### PROVIDED DATA
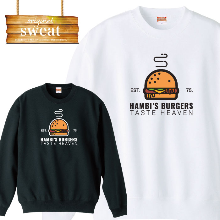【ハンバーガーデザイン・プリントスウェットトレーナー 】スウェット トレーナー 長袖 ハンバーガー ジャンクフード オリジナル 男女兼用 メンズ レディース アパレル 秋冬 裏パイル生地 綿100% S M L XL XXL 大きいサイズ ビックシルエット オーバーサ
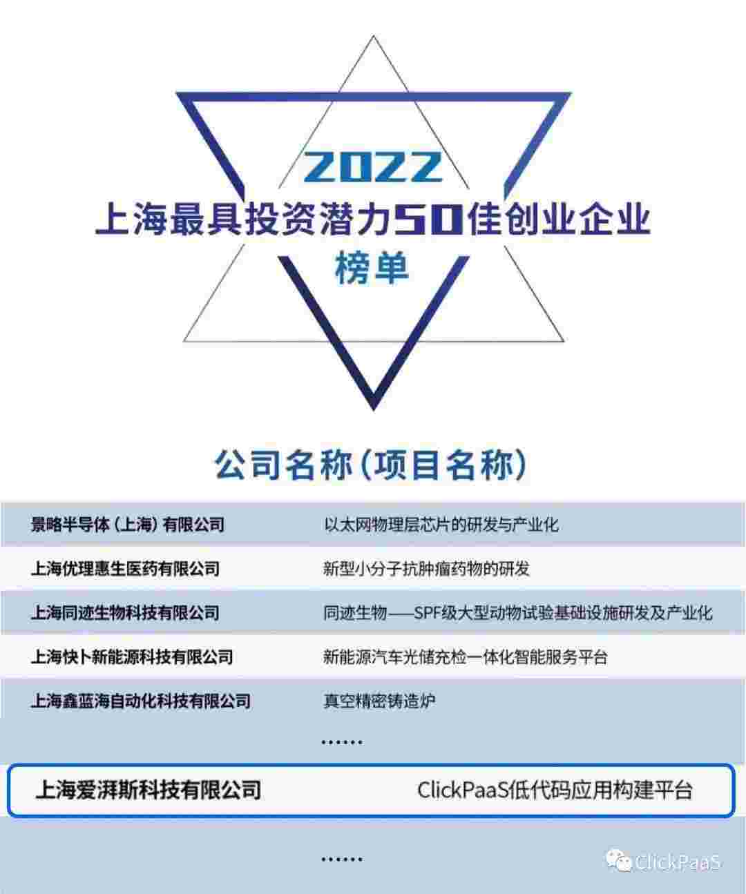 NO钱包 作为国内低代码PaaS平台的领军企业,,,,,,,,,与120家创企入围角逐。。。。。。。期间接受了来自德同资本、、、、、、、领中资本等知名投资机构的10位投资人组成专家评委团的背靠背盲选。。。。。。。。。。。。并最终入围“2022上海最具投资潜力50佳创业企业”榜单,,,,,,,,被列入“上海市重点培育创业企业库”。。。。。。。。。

---

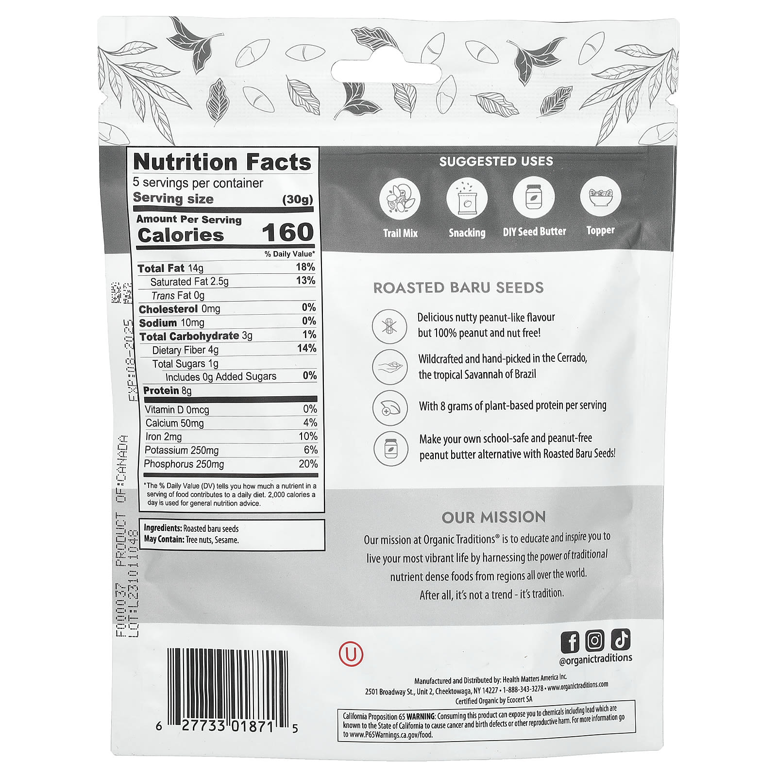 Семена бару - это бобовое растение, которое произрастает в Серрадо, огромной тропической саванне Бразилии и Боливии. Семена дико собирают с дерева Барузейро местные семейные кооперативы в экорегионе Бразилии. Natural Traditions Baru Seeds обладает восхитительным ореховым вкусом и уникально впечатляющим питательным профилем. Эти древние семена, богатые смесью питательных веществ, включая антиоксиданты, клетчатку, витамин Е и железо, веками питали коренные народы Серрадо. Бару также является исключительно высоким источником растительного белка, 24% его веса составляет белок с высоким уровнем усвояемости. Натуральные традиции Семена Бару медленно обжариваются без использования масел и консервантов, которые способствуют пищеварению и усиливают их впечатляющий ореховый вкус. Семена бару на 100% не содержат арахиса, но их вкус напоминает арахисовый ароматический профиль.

### YOUR OBJECTIVE
Your answer must be the exact lines from the records above, from the one containing "大きいサイズ ビックシルエット オーバーサ" through the one containing "NO钱包 作为国内低代码Pa", both included, with every picture left out.

### ANSWER TO THE EXERCISE
【ハンバーガーデザイン・プリントスウェットトレーナー 】スウェット トレーナー 長袖 ハンバーガー ジャンクフード オリジナル 男女兼用 メンズ レディース アパレル 秋冬 裏パイル生地 綿100% S M L XL XXL 大きいサイズ ビックシルエット オーバーサ
 NO钱包 作为国内低代码PaaS平台的领军企业,,,,,,,,,与120家创企入围角逐。。。。。。。期间接受了来自德同资本、、、、、、、领中资本等知名投资机构的10位投资人组成专家评委团的背靠背盲选。。。。。。。。。。。。并最终入围“2022上海最具投资潜力50佳创业企业”榜单,,,,,,,,被列入“上海市重点培育创业企业库”。。。。。。。。。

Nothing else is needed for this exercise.